(Items listed in a dataset)
-- Opening Marker --

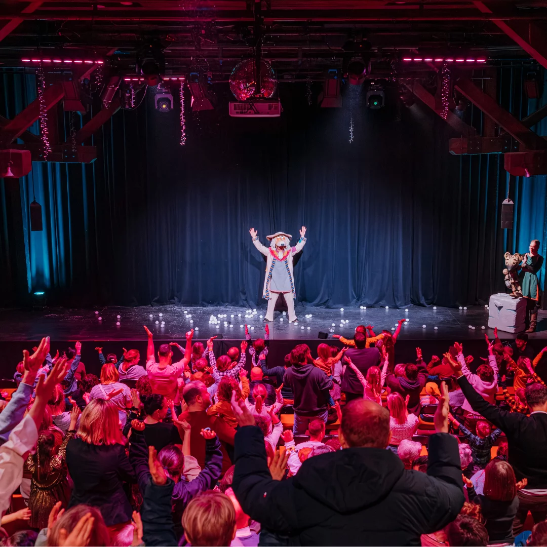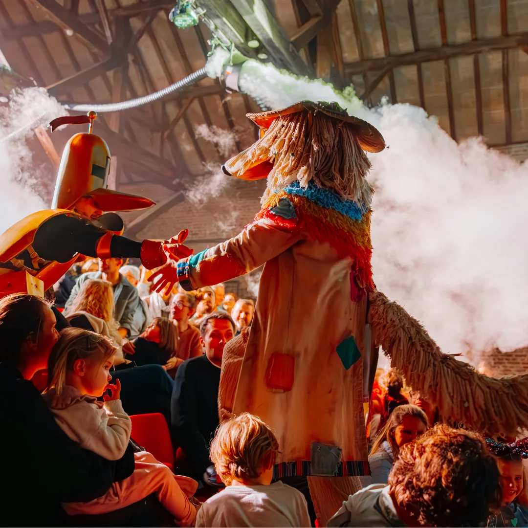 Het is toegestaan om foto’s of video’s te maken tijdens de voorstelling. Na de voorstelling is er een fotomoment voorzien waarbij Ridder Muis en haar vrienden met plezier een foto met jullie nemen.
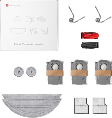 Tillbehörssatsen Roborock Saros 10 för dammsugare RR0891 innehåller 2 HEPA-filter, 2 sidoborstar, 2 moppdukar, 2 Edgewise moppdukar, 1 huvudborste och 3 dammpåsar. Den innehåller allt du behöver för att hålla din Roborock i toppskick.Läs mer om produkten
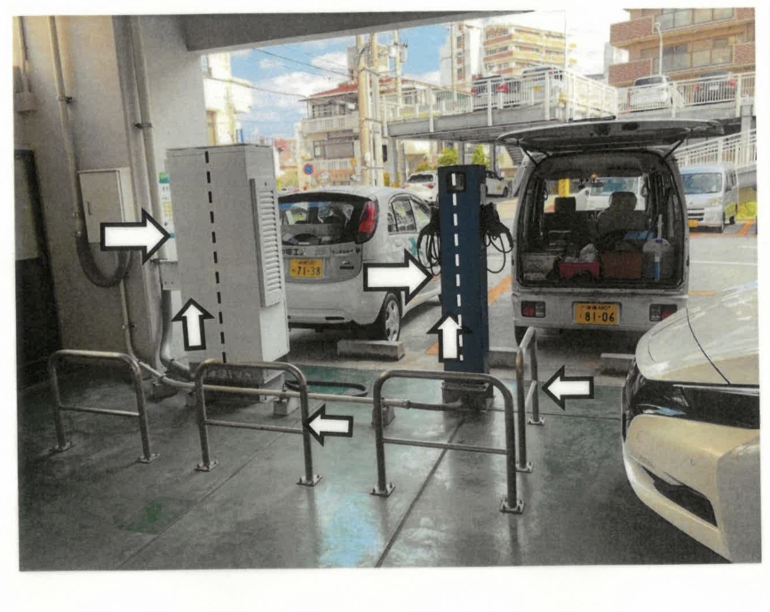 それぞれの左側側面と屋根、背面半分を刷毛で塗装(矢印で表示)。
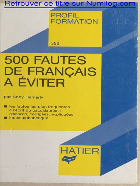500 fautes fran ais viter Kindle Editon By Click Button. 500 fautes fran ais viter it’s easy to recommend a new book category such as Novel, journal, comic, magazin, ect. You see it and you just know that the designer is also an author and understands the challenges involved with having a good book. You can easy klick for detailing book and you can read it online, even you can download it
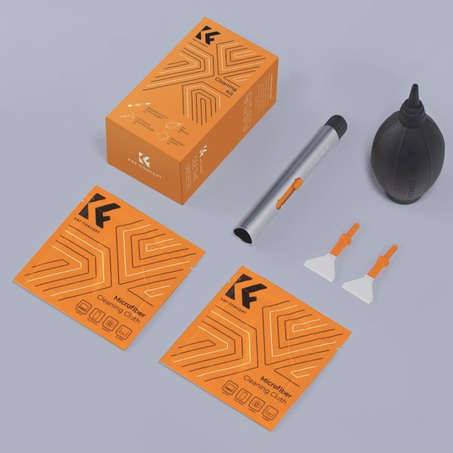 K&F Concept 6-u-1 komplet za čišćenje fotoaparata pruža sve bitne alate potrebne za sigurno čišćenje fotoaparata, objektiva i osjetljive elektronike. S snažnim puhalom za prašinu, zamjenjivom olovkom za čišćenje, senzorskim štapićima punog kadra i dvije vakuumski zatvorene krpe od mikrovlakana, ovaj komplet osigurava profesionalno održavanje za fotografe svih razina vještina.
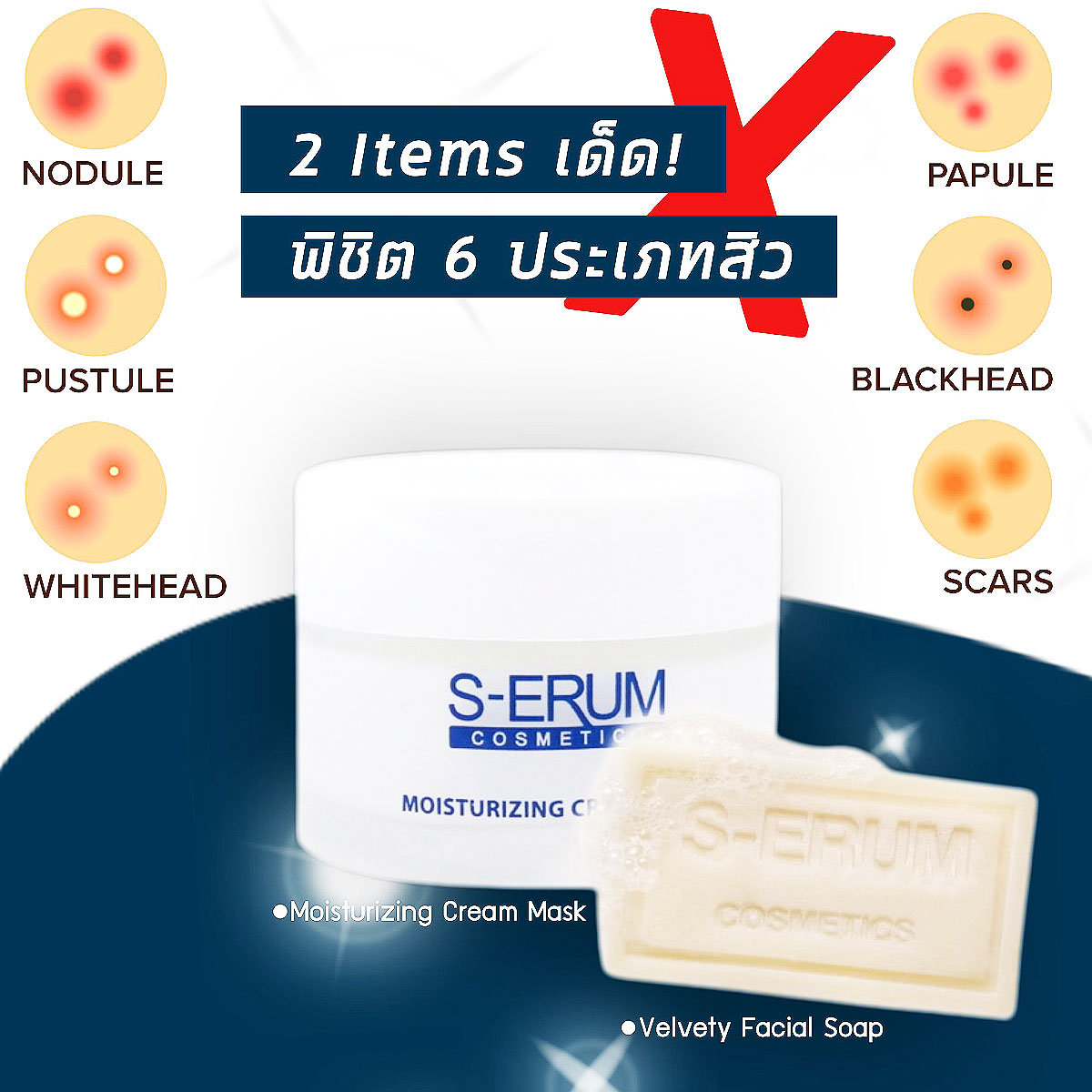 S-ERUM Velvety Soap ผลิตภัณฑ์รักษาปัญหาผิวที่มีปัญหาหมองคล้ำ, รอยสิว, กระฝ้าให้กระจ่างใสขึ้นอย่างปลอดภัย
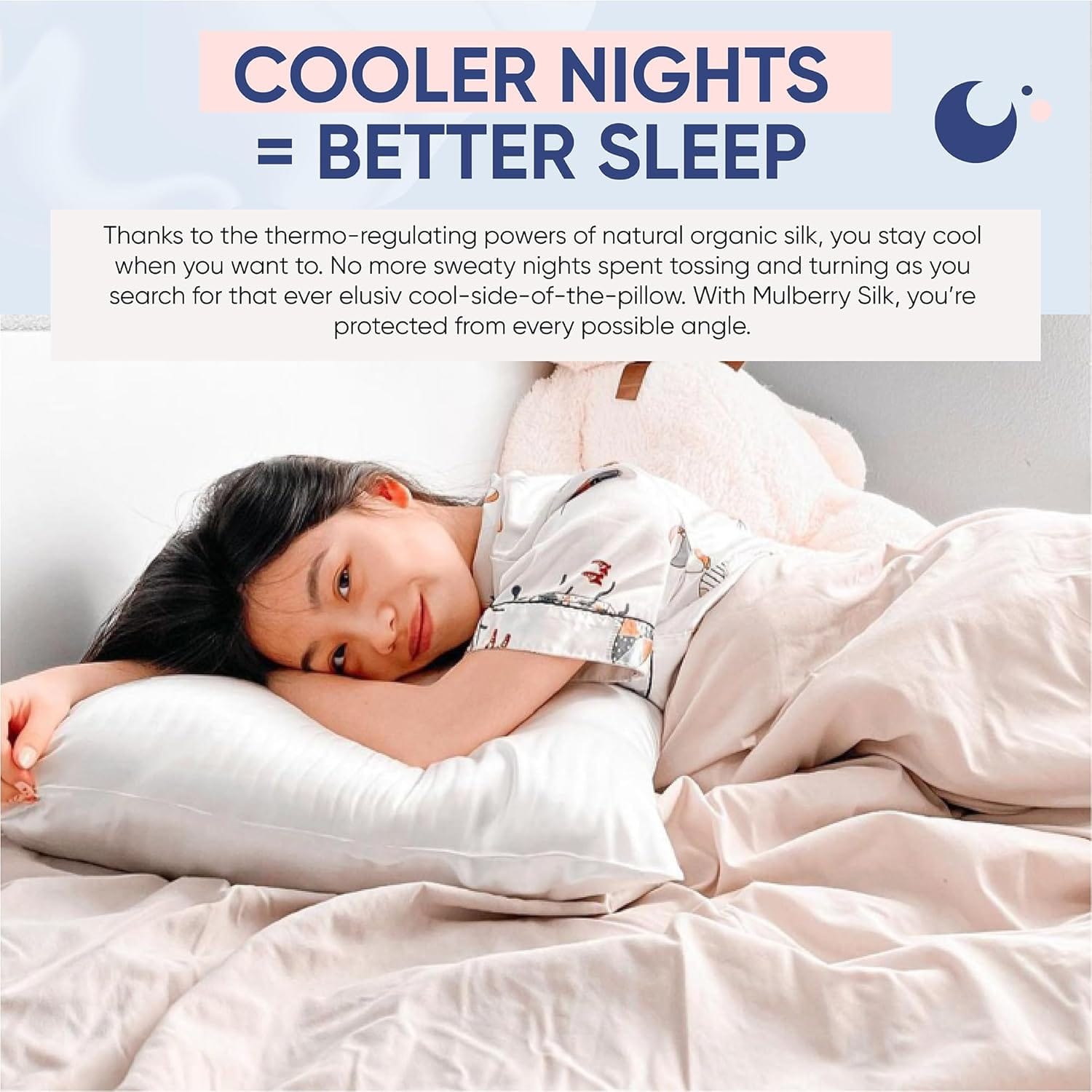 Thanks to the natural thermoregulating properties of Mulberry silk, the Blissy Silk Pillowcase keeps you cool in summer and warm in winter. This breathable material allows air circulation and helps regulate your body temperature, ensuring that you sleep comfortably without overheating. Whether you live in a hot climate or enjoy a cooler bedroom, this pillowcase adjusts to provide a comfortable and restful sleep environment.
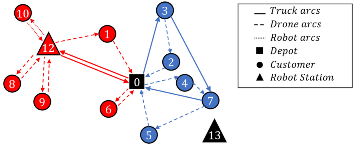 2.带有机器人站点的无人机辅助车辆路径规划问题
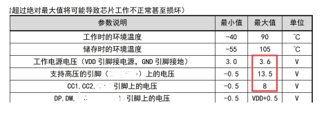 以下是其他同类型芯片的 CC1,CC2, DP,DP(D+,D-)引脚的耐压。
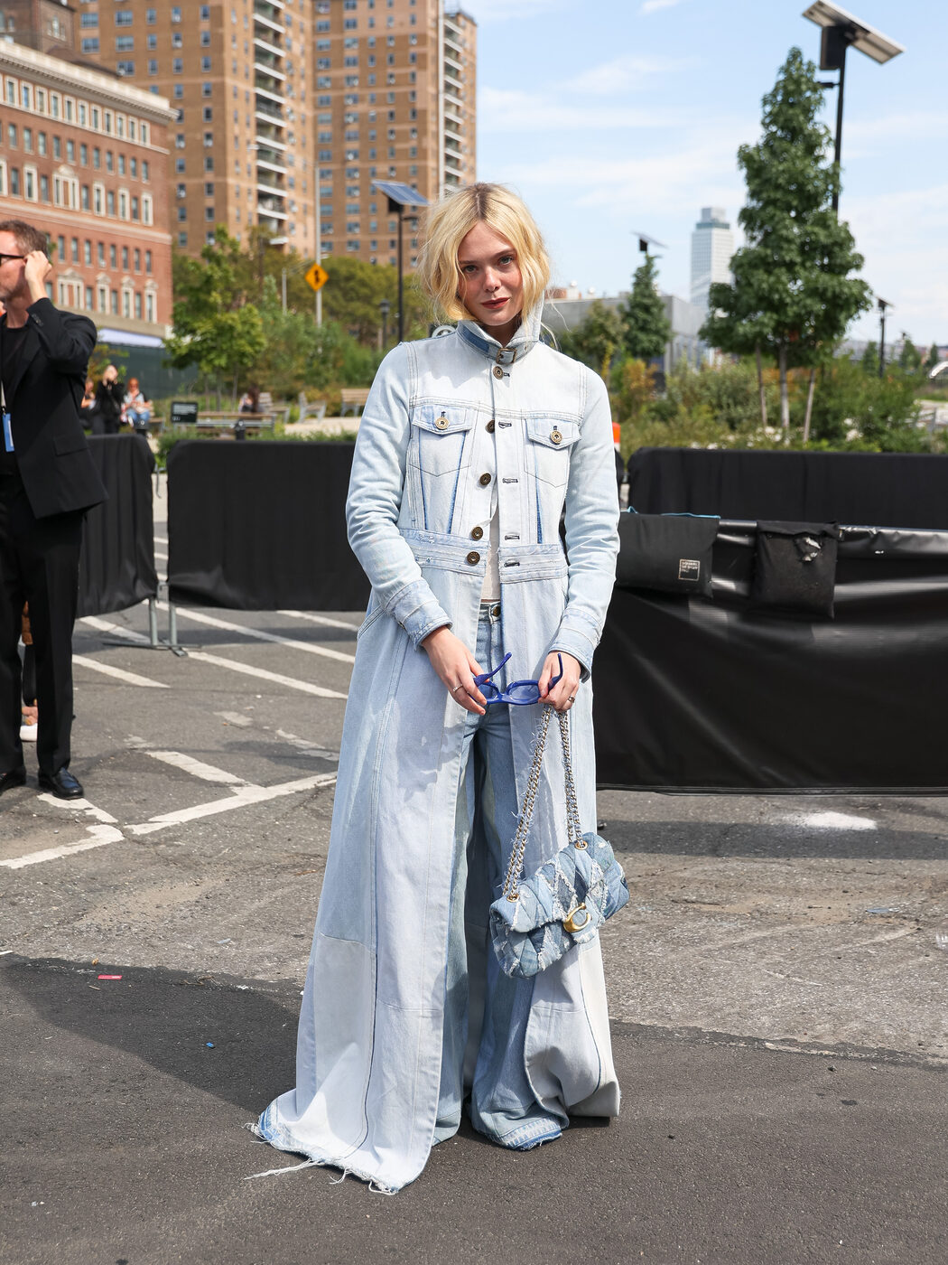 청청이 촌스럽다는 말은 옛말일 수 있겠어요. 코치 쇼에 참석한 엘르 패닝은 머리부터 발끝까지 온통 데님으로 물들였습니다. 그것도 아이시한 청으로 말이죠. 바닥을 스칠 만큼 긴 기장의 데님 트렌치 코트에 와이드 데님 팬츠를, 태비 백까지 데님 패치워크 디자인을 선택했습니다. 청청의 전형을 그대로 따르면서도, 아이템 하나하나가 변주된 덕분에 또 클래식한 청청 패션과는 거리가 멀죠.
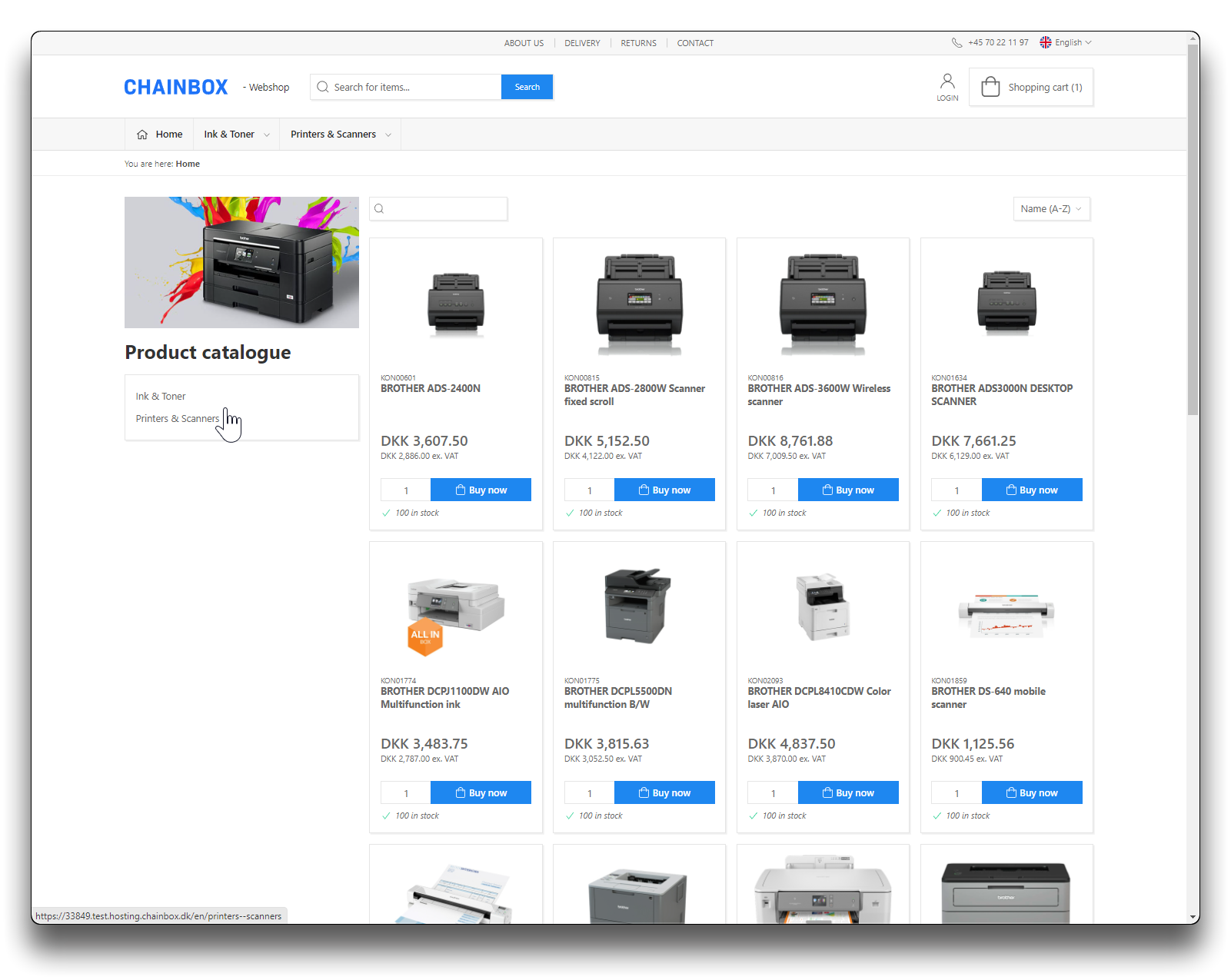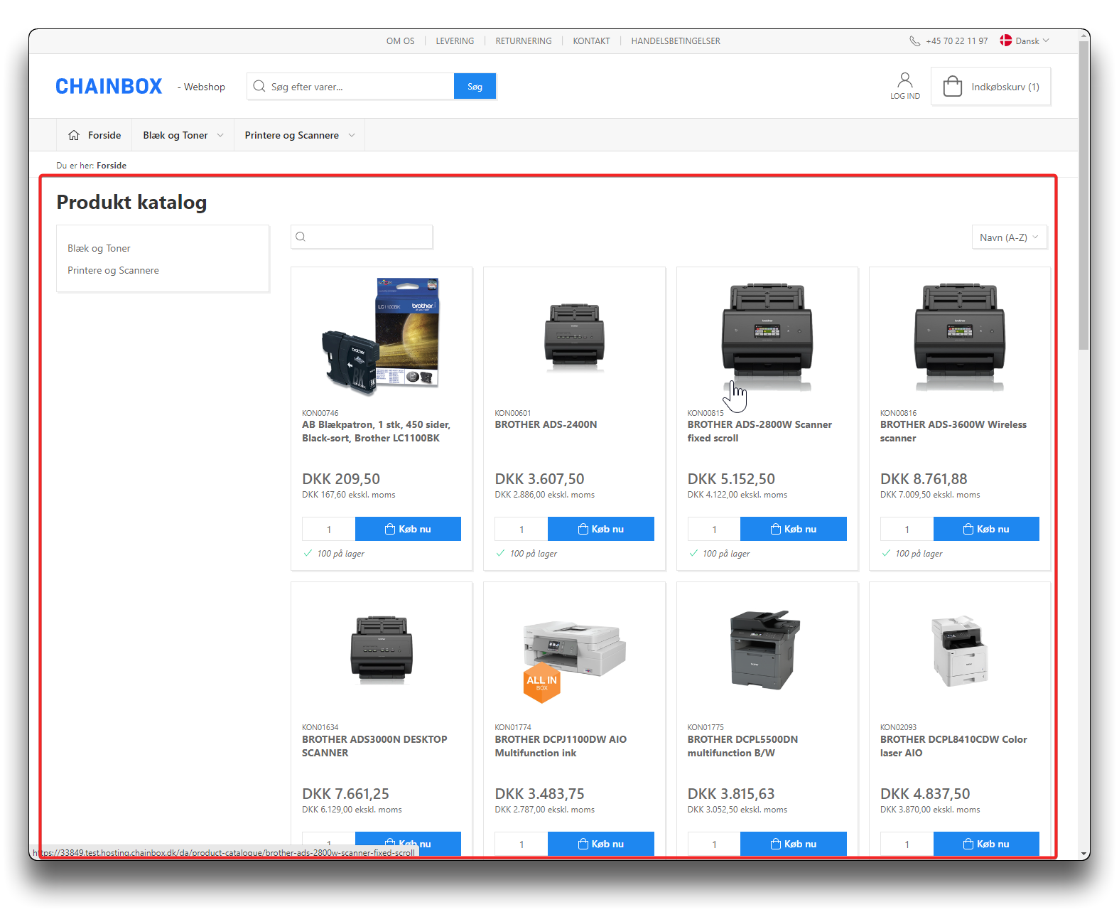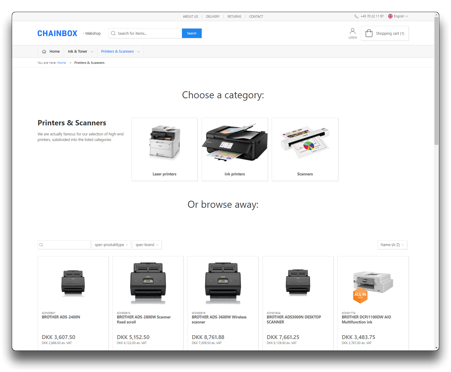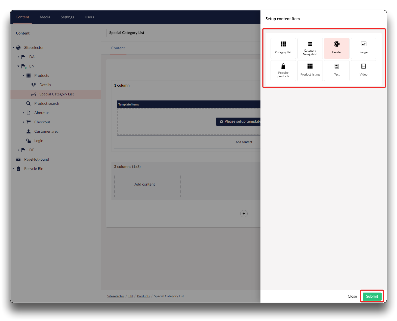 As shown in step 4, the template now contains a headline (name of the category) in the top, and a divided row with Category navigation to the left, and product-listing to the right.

-- Closing Marker --

- **Task prompt**: Set down the entries above exactly, and keep every picture out of your copy.

- **Solved exercise**:
 Het is toegestaan om foto’s of video’s te maken tijdens de voorstelling. Na de voorstelling is er een fotomoment voorzien waarbij Ridder Muis en haar vrienden met plezier een foto met jullie nemen.
 Tillbehörssatsen Roborock Saros 10 för dammsugare RR0891 innehåller 2 HEPA-filter, 2 sidoborstar, 2 moppdukar, 2 Edgewise moppdukar, 1 huvudborste och 3 dammpåsar. Den innehåller allt du behöver för att hålla din Roborock i toppskick.Läs mer om produkten
 それぞれの左側側面と屋根、背面半分を刷毛で塗装(矢印で表示)。
500 fautes fran ais viter Kindle Editon By Click Button. 500 fautes fran ais viter it’s easy to recommend a new book category such as Novel, journal, comic, magazin, ect. You see it and you just know that the designer is also an author and understands the challenges involved with having a good book. You can easy klick for detailing book and you can read it online, even you can download it
 K&F Concept 6-u-1 komplet za čišćenje fotoaparata pruža sve bitne alate potrebne za sigurno čišćenje fotoaparata, objektiva i osjetljive elektronike. S snažnim puhalom za prašinu, zamjenjivom olovkom za čišćenje, senzorskim štapićima punog kadra i dvije vakuumski zatvorene krpe od mikrovlakana, ovaj komplet osigurava profesionalno održavanje za fotografe svih razina vještina.
 S-ERUM Velvety Soap ผลิตภัณฑ์รักษาปัญหาผิวที่มีปัญหาหมองคล้ำ, รอยสิว, กระฝ้าให้กระจ่างใสขึ้นอย่างปลอดภัย
 Thanks to the natural thermoregulating properties of Mulberry silk, the Blissy Silk Pillowcase keeps you cool in summer and warm in winter. This breathable material allows air circulation and helps regulate your body temperature, ensuring that you sleep comfortably without overheating. Whether you live in a hot climate or enjoy a cooler bedroom, this pillowcase adjusts to provide a comfortable and restful sleep environment.
 2.带有机器人站点的无人机辅助车辆路径规划问题
 以下是其他同类型芯片的 CC1,CC2, DP,DP(D+,D-)引脚的耐压。
 청청이 촌스럽다는 말은 옛말일 수 있겠어요. 코치 쇼에 참석한 엘르 패닝은 머리부터 발끝까지 온통 데님으로 물들였습니다. 그것도 아이시한 청으로 말이죠. 바닥을 스칠 만큼 긴 기장의 데님 트렌치 코트에 와이드 데님 팬츠를, 태비 백까지 데님 패치워크 디자인을 선택했습니다. 청청의 전형을 그대로 따르면서도, 아이템 하나하나가 변주된 덕분에 또 클래식한 청청 패션과는 거리가 멀죠.
 As shown in step 4, the template now contains a headline (name of the category) in the top, and a divided row with Category navigation to the left, and product-listing to the right.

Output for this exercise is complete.